Последней пришла мамина сослуживица Алла Петровна.
Не знаю, может быть, она и была красавица, во всяком случае, держала она себя так, как могла бы держать только самая заправская красавица. Остановилась в дверях, постояла немного, чтобы мы все вдосталь полюбовались ею, потом с улыбкой оглядела нас.
— Вот и я, — сказала, картинным жестом поправляя челку на лбу.
— Мы вас заждались, Аллочка, — сказала мама.
— К вам добираться — легче уж прямиком в Тулу или в Ясную Поляну, — ответила Алла Петровна и первая засмеялась, хотя, по-моему, не было ровно ничего смешного в том, что́ она сказала.
Мне она не понравилась с первого же взгляда.
Она была худой, высокой, почти такого же роста, как мой папа. Одета в яркое платье, что-то синее, малиновое и лиловое, не то полосы, не то какие-то зигзаги. На шее бусы. На руках по два браслета. В ушах длинные серьги.

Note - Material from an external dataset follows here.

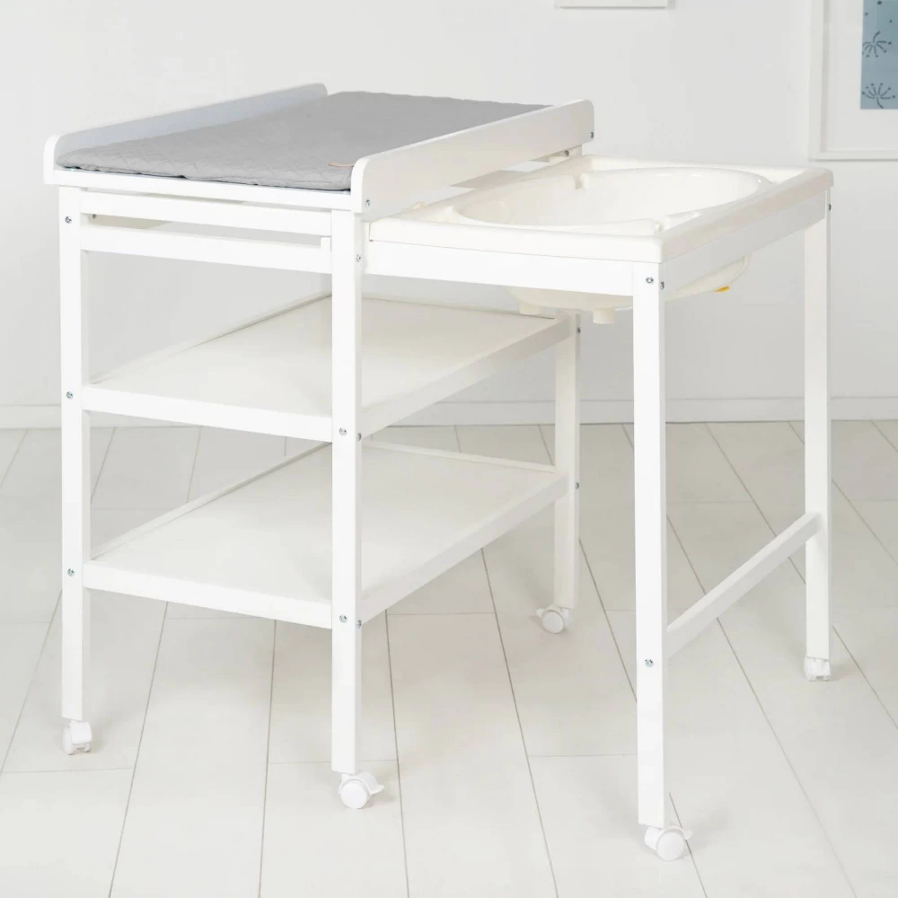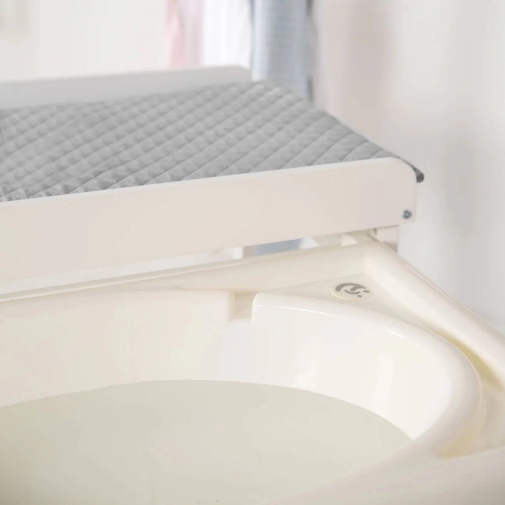 Les caractéristiques de cette Table à langer avec baignoire coulissante baby pool grise et son matelas à langer :

На низкий лоб спускалась густая темно-рыжая челка, веки обведены синим, пышные губы намазаны малинового цвета жирной помадой. Нижняя губа толще верхней; кажется, такие вот губы принято называть капризными.
Она подняла руки, бренча браслетами, расчесала волосы. Серьги ее сверкали при каждом движении, бусы перламутрово переливались, и вся она казалась какой-то яркой, с блестящим оперением птицей.
Я спросила Антона:
— Она тебе нравится?
Он ответил не сразу:
— Еще не успел разобраться.
— А все-таки?
— Вроде скорее нет.
— И мне тоже нет.
А она оглядела меня с головы до ног, словно догадывалась, что я говорю о ней, подозвала к себе своей бренчащей рукой.

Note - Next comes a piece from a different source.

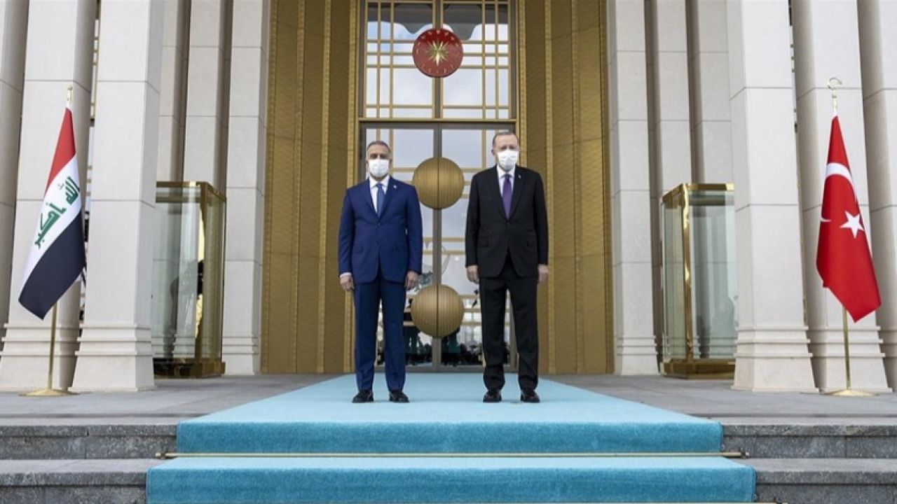İki ülke heyetlerinin takdimi sonrasında Erdoğan ve Kazımi, merdivenlerde Türkiye ve Irak bayrakları önünde gazetecilere poz verdi.

— Подойди ко мне, Катя. Я давно уже хотела с тобой познакомиться.
Я подошла.
— Ты учишься в седьмом классе?
— Перешла в восьмой.
— Уже совсем большая, — рассеянно определила она.
Я кивнула. Что тут скажешь? Большая так большая.

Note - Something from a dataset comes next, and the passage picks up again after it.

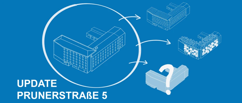Das Hauptziel des Projekts „Update Prunerstraße 5“ ist es, einen ergebnisoffenen Prozess zu initiieren, aus dem ein Raum- und Funktionsprogramm entsteht, das ein resilientes, klimaneutrales und hybrides Gebäude ermöglicht. Dabei soll gezeigt werden, wie Bestandsgebäude durch progressive Sanierungs- und Umnutzungskonzepte sowie durch das Hinterfragen bestehender Standards an die heutigen Anforderungen von Klimaneutralität und Nachhaltigkeit angepasst werden

— Я себя помню в твои годы, — продолжала она. — Я уже тогда поняла, что главное в моей жизни — музыка.
— А Катя у нас к музыке равнодушна, — сказала мама.
— Медведь на ухо наступил, — сказала я.
Она засмеялась:
— Как? Какой медведь?
— Это такая поговорка, — ответила я, с досадой чувствуя, что краснею.
— Да, ты уже совсем большая, — сказала она еще раз, думая, очевидно, о другом.
Это наше новоселье запомнилось мне надолго. Запомнилось потому, что впервые в жизни я почувствовала, что ненавижу женщину, не сделавшую мне, по совести говоря, ничего плохого, и все-таки я ненавидела ее до того, что просто задыхалась от переполнявшего меня отвращения к ее голосу, к ее бренчащим браслетам и бусам, ко всему ее тщательно сделанному, заботливо ухоженному облику.
Может быть, правду говорят, что дети и собаки особенно чутко ощущают фальшь. А она была фальшива до самых кончиков своих блестящих огненно-коралловых ногтей.
Ненатурально смеялась, свысока хвалила мамины пироги, снисходительно поглядывала на тихую Зиновию Семеновну, делала вид, что внимательно слушает дедушку, рассказывавшего о том, как выглядела в старое время Москва. Очевидно, она изо всех сил старалась понравиться всем и потому каждому говорила сладкие слова: уверяла дедушку, что он выглядит куда моложе своих лет, и так же откровенно льстила маме, говоря, что мама сегодня особенно красива, хотя никто никогда не считал мою маму красивой. И мне она сказала, что, когда я вырасту, я буду такой же красивой, как мама, а я угрюмо молчала все время…
О себе самой Алла Петровна говорила с уважением. Она, как видно, считала, что оказала маме огромную честь, придя к ней в гости, и я удивлялась про себя: неужели мама не видит всего этого?
Мы пили чай, и Алла Петровна, картинно отставив мизинец, — о, как я ненавидела этот оттопыренный, с острым коралловым ногтем палец! — рассказывала о каком-то профессоре консерватории, которого она называла «метр». Она говорила о нем так:
— Встреча с метром оказалась для меня знаменательной. Это была поистине очень важная встреча. Потому что, как выяснилось в будущем, он оказал большое влияние на мое формирование как музыканта.
Можно было подумать, что главной задачей этого метра являлось влияние на ее формирование!
— Конечно, — говорила она еще, — для подлинного музыканта личное обаяние играет огромную роль!
И при этом щурила глаза и откидывала назад голову, чтобы дать нам полюбоваться ее белой шеей с намотанными на нее тремя рядами бус. Весь ее вид как бы кричал:
«Смотрите на меня, впитывайте в себя каждое мое движение, смотрите и понимайте и цените, вот оно, личное мое обаяние, какого ни у кого из вас нет и в помине!»